Clearly, Tarantino envisioned the movie as a loving tribute to the myriad Hong Kong flicks he's always revered, those martial arts and sword-swinging sagas that have been his obsession from his childhood years to the present day. And just as clearly, he was having too good a time cramming everything into one movie, to the point where Weinstein agreed that the picture should be released in two parts (Vol. 2 hits theaters next February). But truthfully, there's no reason this wafer of a story should be supported by multiple movies, not when the trimming of countless repetitious shots should have been encouraged and might possibly have resulted in one zippy, kick-ass film. But Tarantino's like a kid in a candy store, accompanied by a parent with a limitless credit card. Why settle for one shot of a body spewing geysers of blood when 20 can be included? Why settle for one flashback snippet that explains all we need to know when three or four more variations on the same moment can be added?

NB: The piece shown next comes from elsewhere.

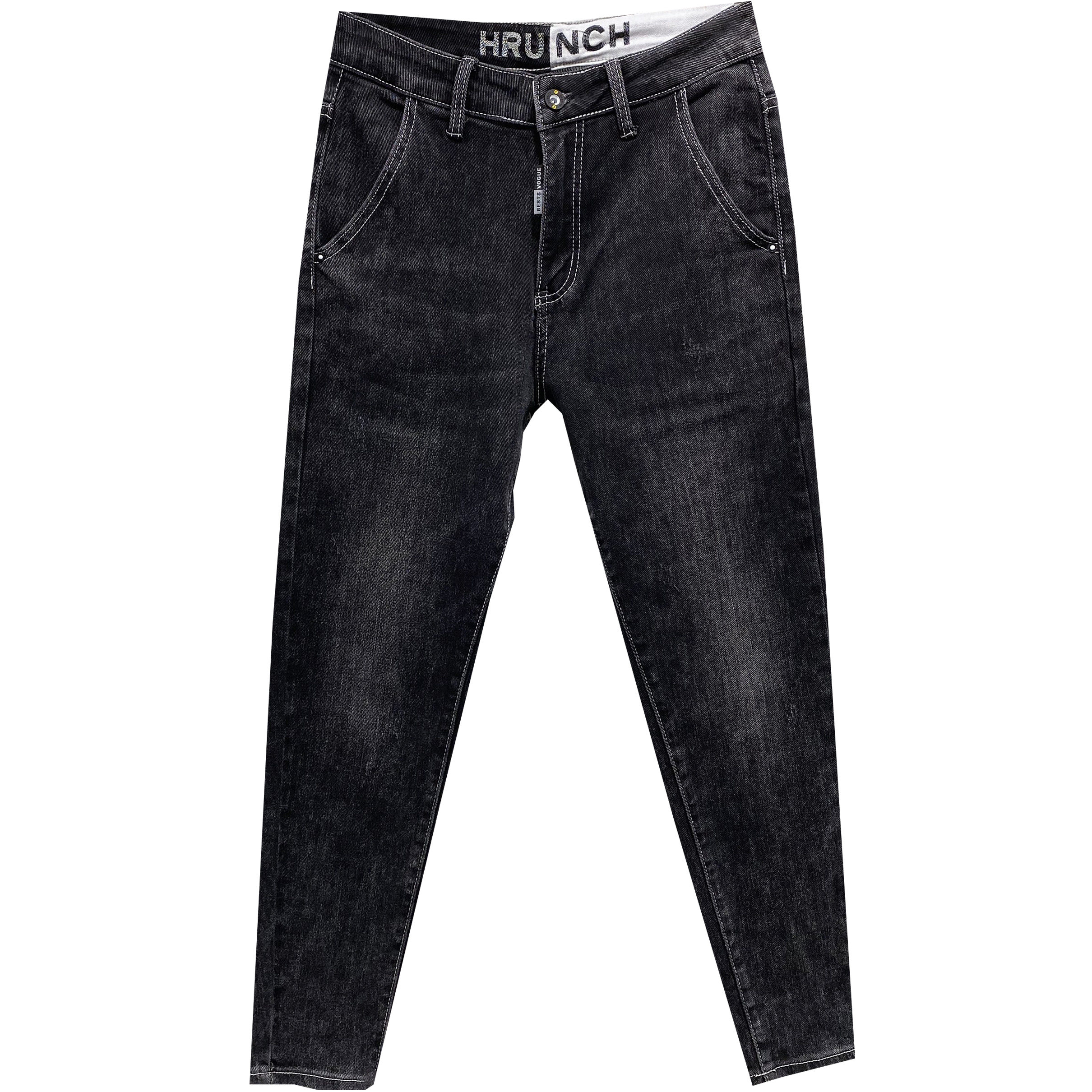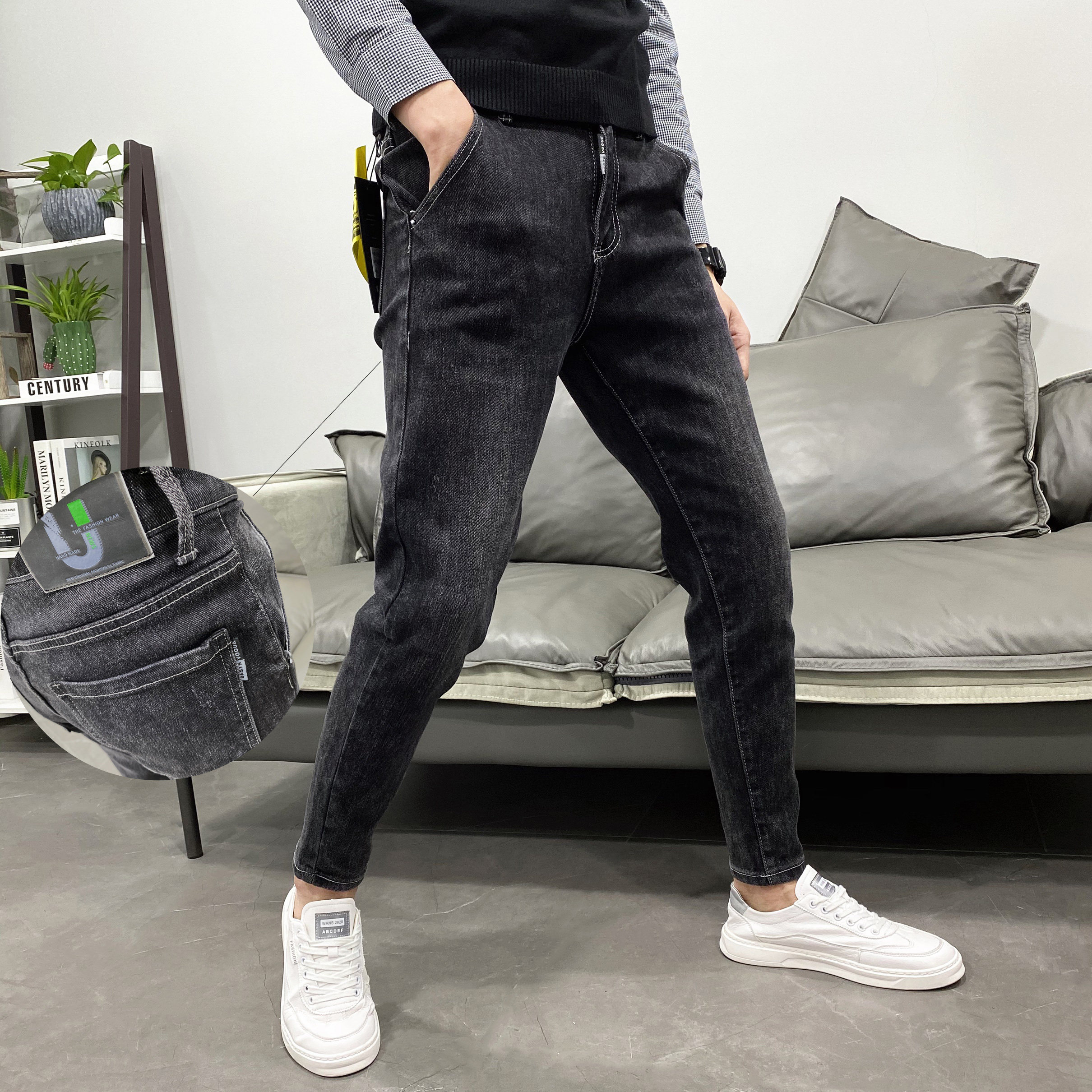 斜插口袋黑灰微垮小脚修身牛仔裤男潮秋韩版社会青年学生百搭长裤

Tarantino wrote the lead role specifically for Uma Thurman, even delaying the start of shooting until she got back from having a baby. Thurman looks fit and fantastic here, and clearly she came ready to play. Granted, this sort of flick isn't usually conducive to allowing actors to strut their thespian abilities, but Thurman seems so alive on screen, it's a shame the part doesn't call for her to do much more than slice and dice the rest of the cast.

Tarantino's gimmicky approach (title cards, offbeat camerawork, an entire sequence drawn in anime style) initially serves the piece well, though like most other aspects, it becomes tiresome and repetitive. If the second volume is anything like this one, Miramax might want to consider changing its name to Overkill Bill.